> _Material provided_
---
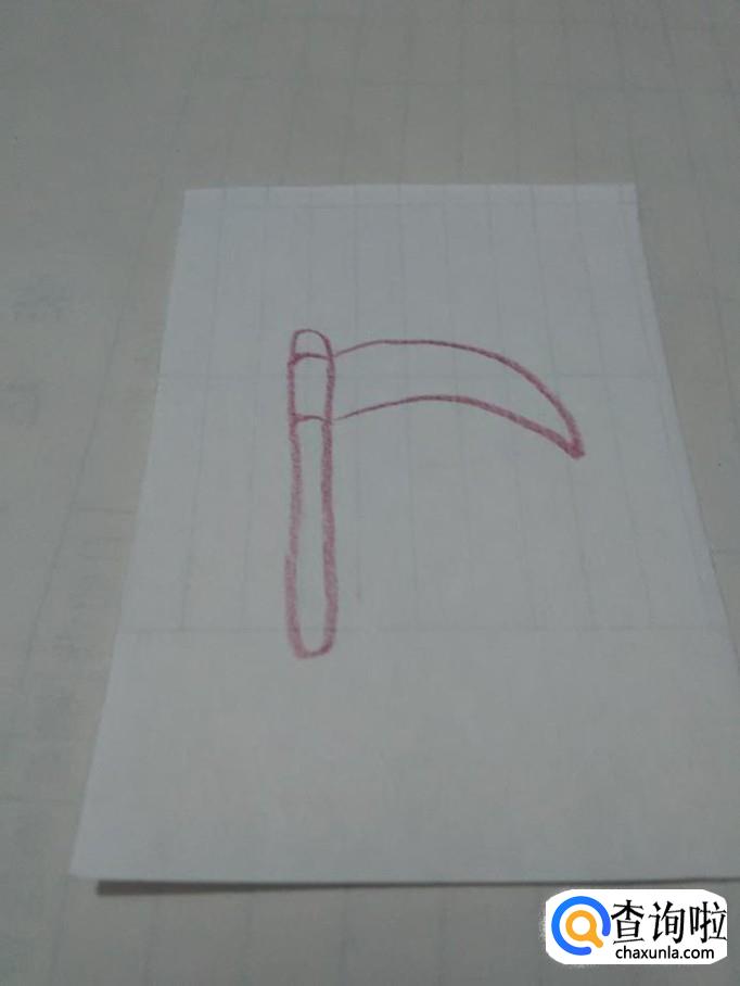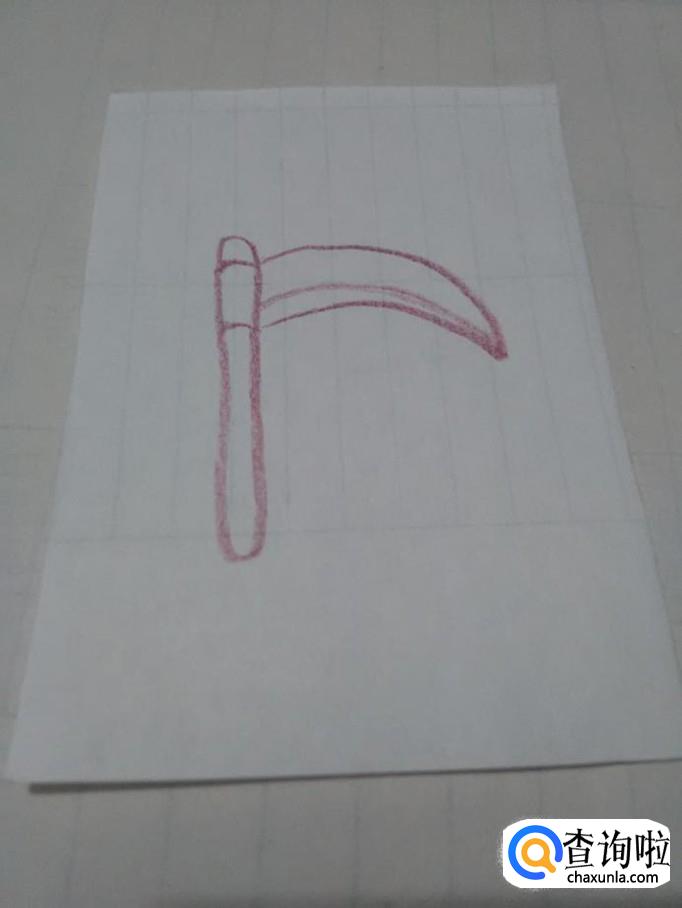 在两条弧线之间再画一条弧线,表示镰刀的刀刃,镰刀就画完了。
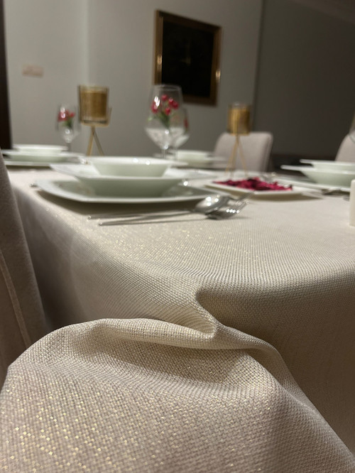 Uyumlu set: Simli Gold Masa örtüsü ve runner bir arada
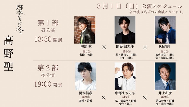 人気声優11名が日替わり出演する井上和彦の演出による舞台『朗読会四季シリーズ 冬 高野聖』は、2026年2月28日(土)・3月1日(日)に東京・品川プリンスホテル クラブeXにて4公演上演される。公演チケットは各種プレイガイドにて販売中。詳細は情報ページまで。
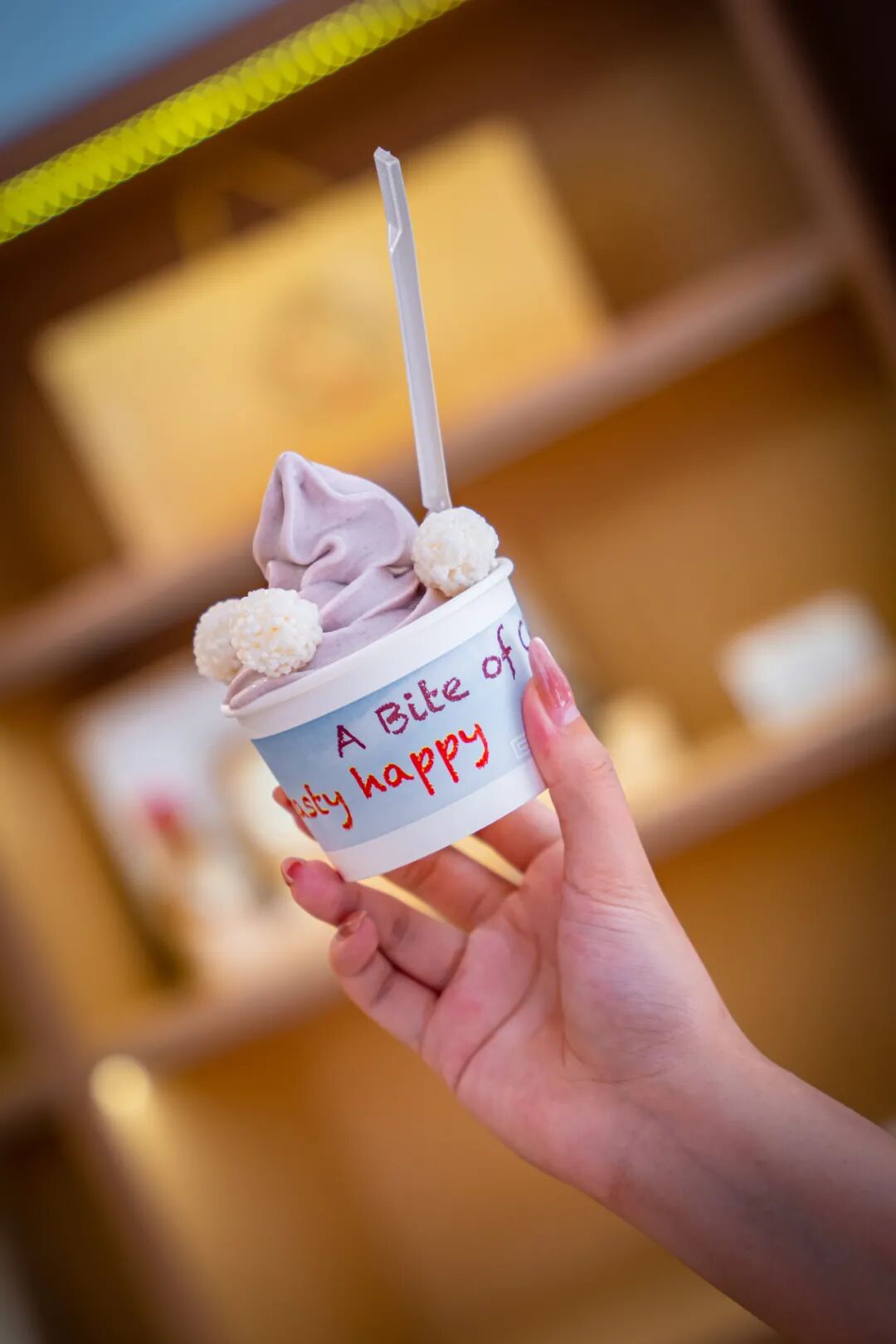 店内是个金黄色充满未来感的打卡空间,大厅中央还悬挂着一只会旋转的超大RYAN镜面球,随手拍拍就能凑满九宫格!
---
Leave the images out and output the remaining material exactly as it stands.

> _Expected output_
 在两条弧线之间再画一条弧线,表示镰刀的刀刃,镰刀就画完了。
 Uyumlu set: Simli Gold Masa örtüsü ve runner bir arada
 人気声優11名が日替わり出演する井上和彦の演出による舞台『朗読会四季シリーズ 冬 高野聖』は、2026年2月28日(土)・3月1日(日)に東京・品川プリンスホテル クラブeXにて4公演上演される。公演チケットは各種プレイガイドにて販売中。詳細は情報ページまで。
 店内是个金黄色充满未来感的打卡空间,大厅中央还悬挂着一只会旋转的超大RYAN镜面球,随手拍拍就能凑满九宫格!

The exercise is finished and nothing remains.